SCIENCE, SOCIOLOGY, RELIGION => Relationships and Gender Issues => Topic started by: Bantu_Kelani on April 24, 2004, 01:30:07 AM



Title: Human Rights: Stop violence against women!
Post by: Bantu_Kelani on April 24, 2004, 01:30:07 AM

http://www.amnesty.ca/stoptheviolence/slideshow.php


Title: Re: Human Rights: Stop violence against women!
Post by: Poetic_Princess on April 26, 2004, 08:59:58 AM
MOZAMBIQUE: Abuse of women and children in the spotlight
MAPUTO, 16 Apr 2004 (IRIN) - "My father came to my bedroom. He told me that now he no longer looks at me like a daughter, but like his girlfriend. I became very confused. I didn't want him to touch me, so he got angry and beat me with a hosepipe. Then he raped me. I lost consciousness."

Two years ago, when Maria was thirteen years old, her father raped her, but only now is she able to talk openly about what happened.

"I didn't know where to go. I was frightened to sleep in my own home," Maria told IRIN. As it was no longer safe for her to stay with her father, a social welfare officer transferred Maria to the Infantaria Provincial Colegio Infantil, a transit centre for abandoned and orphaned children in Beira, in the central province of Sofala.

Maria said she felt "safe" at the centre; she received counselling and was able to assist with the younger children, many of whom had been orphaned by HIV/AIDS.

Although little research has been done in the area of child abuse, the UN Children's Fund (UNICEF) has said that existing data showed "a grim picture of the reality many children are facing" in Mozambique.
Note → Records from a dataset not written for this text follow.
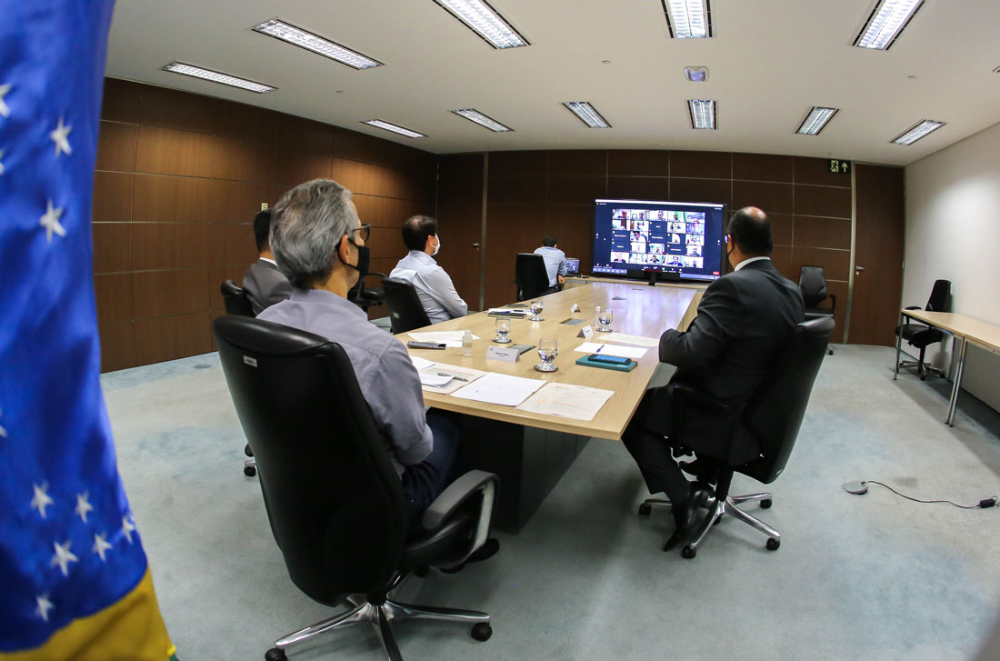 Os secretários de Estado de Governo, Igor Eto, de Saúde, o médico Fábio Baccheretti, e o secretário-geral, Mateus Simões, também participaram da reunião com os prefeitos.
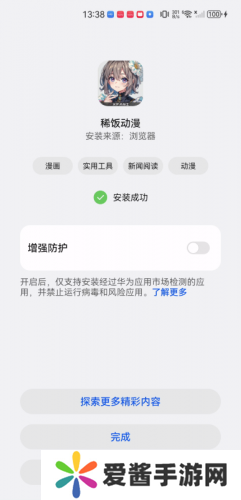 5、最终,出现绿色对号,说明“安装完成”,点击打开,即可体验。
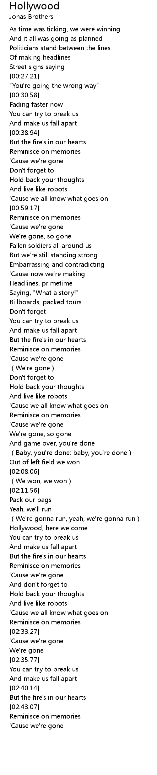 | [00:44.12] | 'Cause we're gone |
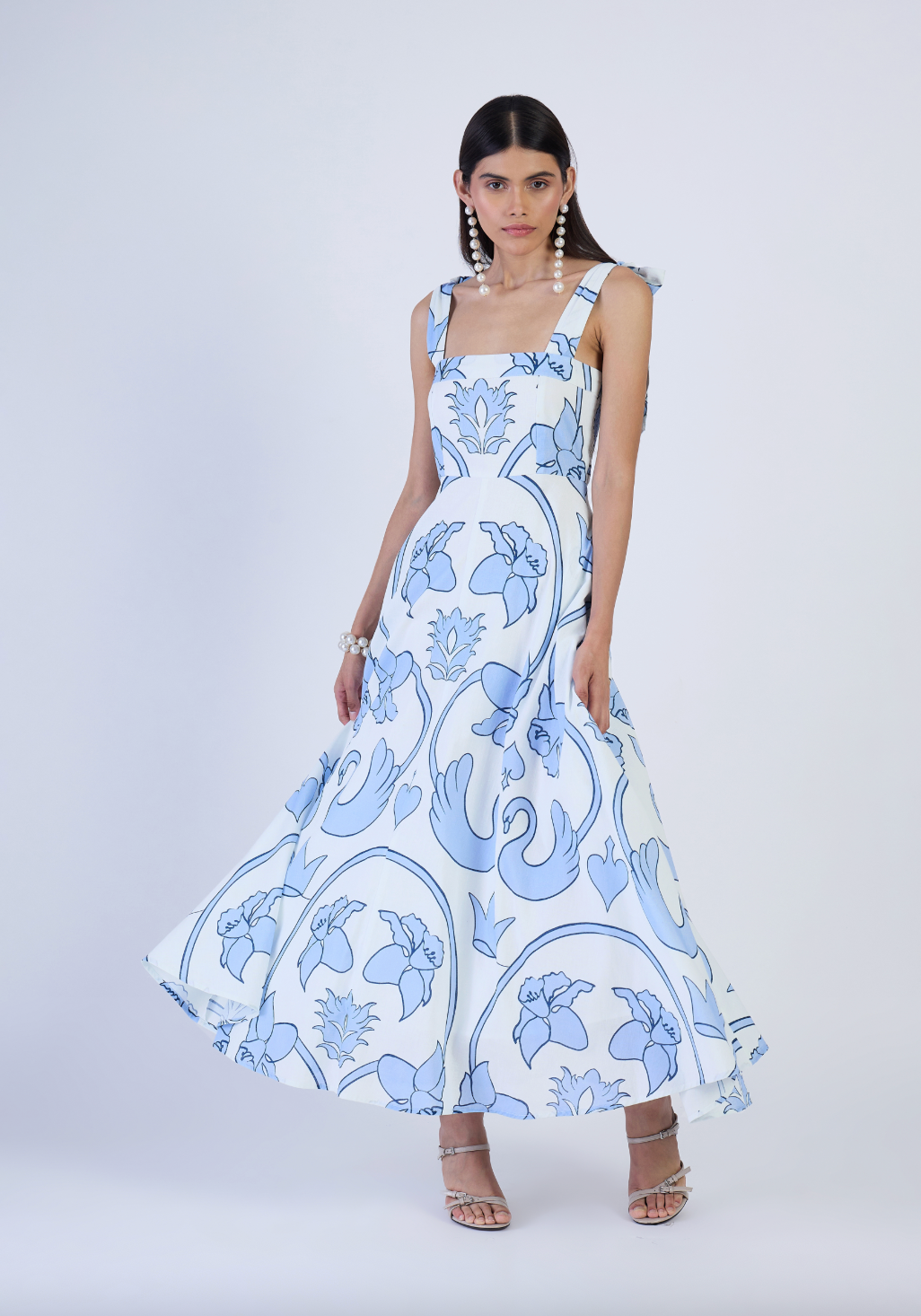 Discover Pearl, a striking silhouette with a square neckline and fitted bodice, complemented by adjustable tie shoulder straps. The wide, airy A-line skirt adds an enchanting play of shape and movement. Effortlessly chic and full of style, it's the ultimate choice for standing out at any event. Pearl is crafted from a unique blend of cotton and linen, offering a soft, breathable feel and a beautifully textured finish. Channeling the quiet glamour of Monaco’s golden era, this print is designed for a modern Grace Kelly. Bold motifs of swans, crowns, and daffodils reference royal heritage and refined glamour.

The "Government Report on the implementation of the Convention on the Rights of the Child" cites a survey among minor sex workers in the capital, Maputo, in which 25 percent of the children interviewed were between 10 and 14 years old, and 22 percent said their first sexual encounter had been violent and against their will. They had been violated by a close relative, including their own father, or a neighbour.

According to UNICEF, some of the underlying causes of abuse and sexual exploitation were poverty, gender discrimination and harmful traditional practices.

Orphans were especially vulnerable to physical and sexual abuse - the number of children who had lost either their mother, father, or both parents to HIV/AIDS had already reached an estimated 1.2 million in 2001.

The authorities, international organizations and NGOs have been examining the ways to deal with the problem of child abuse.

"There has been a consensus that we needed to tackle violence against children and women in a different way," says Elena Muando, provincial director for Women and Children and Coordination of Social Action in the central province of Manica. "It was difficult to measure the extent of child abuse before, because it was a matter that got resolved by the family members. But now more and more such cases are denounced publicly and taken to the police."

Muando highlighted the example of a nine-year-old orphan who was given by her aunt to a man who made the girl his "wife". "Someone informed us ... and we took the matter to the police. The man is now serving a long prison sentence."

The Ministry of Women and Children and Coordination of Social Action, with the support of the UN Children's Fund, is developing a National Plan of Action to prevent such violence, abuse and sexual exploitation of children.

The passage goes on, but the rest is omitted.